WHAT TO PRODUCE: Please set down the data word for word; images do not go in the copy.

DATASET EXTRACT:
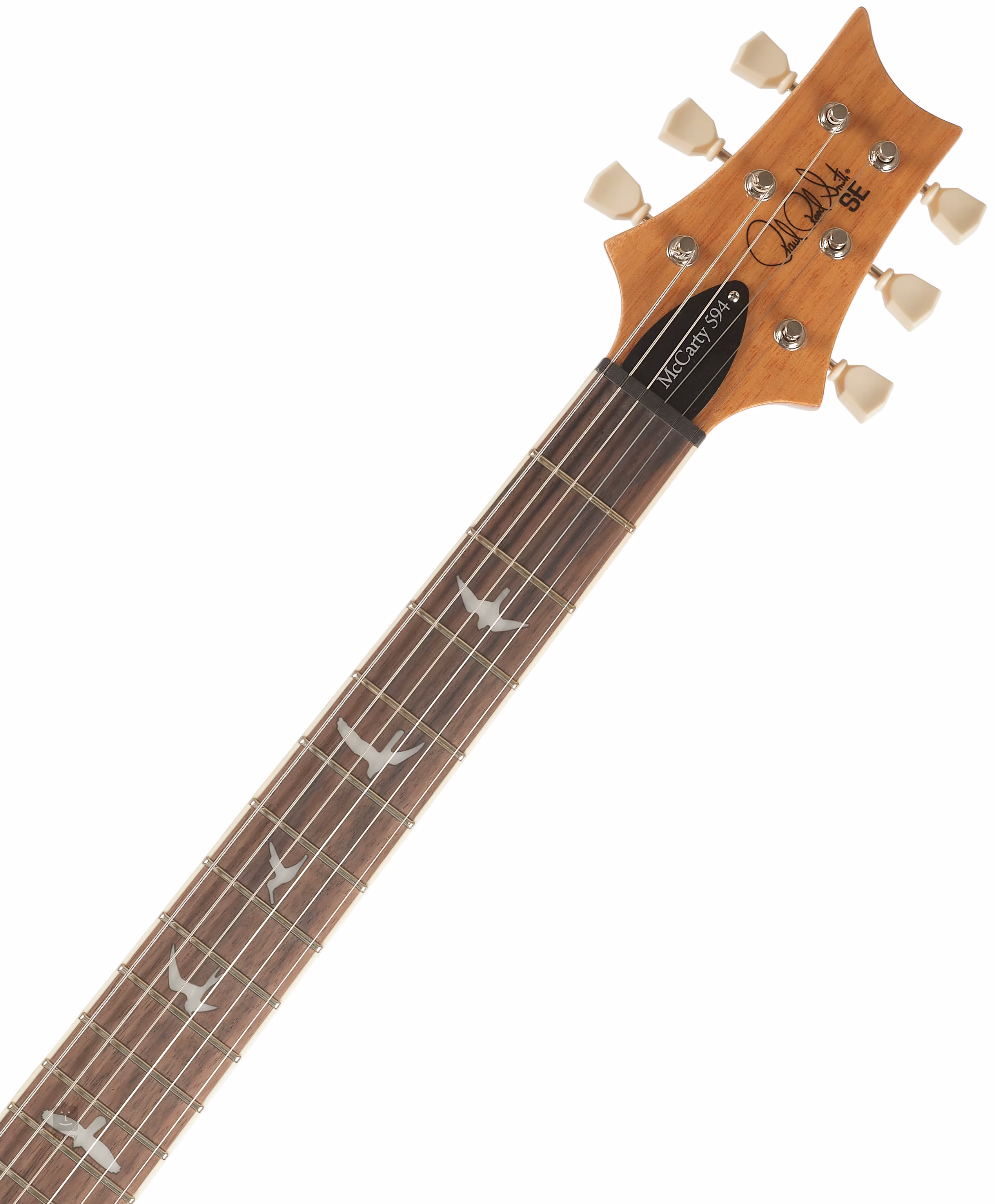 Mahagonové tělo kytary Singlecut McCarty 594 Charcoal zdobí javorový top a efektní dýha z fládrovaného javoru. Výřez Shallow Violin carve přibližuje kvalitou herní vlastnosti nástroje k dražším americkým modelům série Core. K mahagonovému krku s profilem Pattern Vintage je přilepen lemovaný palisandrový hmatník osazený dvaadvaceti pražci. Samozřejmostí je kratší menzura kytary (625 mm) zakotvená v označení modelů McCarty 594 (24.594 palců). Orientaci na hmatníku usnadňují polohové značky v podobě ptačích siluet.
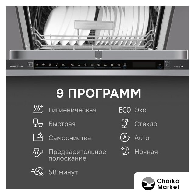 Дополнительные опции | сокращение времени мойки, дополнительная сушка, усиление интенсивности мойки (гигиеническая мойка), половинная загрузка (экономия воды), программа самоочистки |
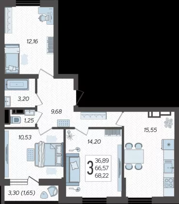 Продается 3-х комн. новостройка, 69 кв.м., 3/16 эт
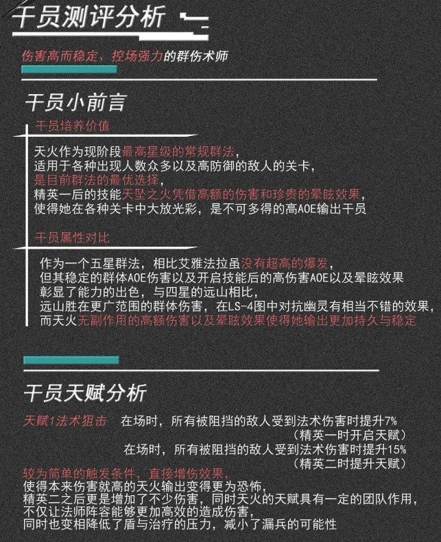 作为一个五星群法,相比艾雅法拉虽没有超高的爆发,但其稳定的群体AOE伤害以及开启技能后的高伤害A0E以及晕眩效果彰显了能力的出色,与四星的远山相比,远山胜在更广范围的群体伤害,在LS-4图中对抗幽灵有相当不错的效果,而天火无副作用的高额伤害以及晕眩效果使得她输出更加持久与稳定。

RESULT BELOW:
 Mahagonové tělo kytary Singlecut McCarty 594 Charcoal zdobí javorový top a efektní dýha z fládrovaného javoru. Výřez Shallow Violin carve přibližuje kvalitou herní vlastnosti nástroje k dražším americkým modelům série Core. K mahagonovému krku s profilem Pattern Vintage je přilepen lemovaný palisandrový hmatník osazený dvaadvaceti pražci. Samozřejmostí je kratší menzura kytary (625 mm) zakotvená v označení modelů McCarty 594 (24.594 palců). Orientaci na hmatníku usnadňují polohové značky v podobě ptačích siluet.
 Дополнительные опции | сокращение времени мойки, дополнительная сушка, усиление интенсивности мойки (гигиеническая мойка), половинная загрузка (экономия воды), программа самоочистки |
 Продается 3-х комн. новостройка, 69 кв.м., 3/16 эт
 作为一个五星群法,相比艾雅法拉虽没有超高的爆发,但其稳定的群体AOE伤害以及开启技能后的高伤害A0E以及晕眩效果彰显了能力的出色,与四星的远山相比,远山胜在更广范围的群体伤害,在LS-4图中对抗幽灵有相当不错的效果,而天火无副作用的高额伤害以及晕眩效果使得她输出更加持久与稳定。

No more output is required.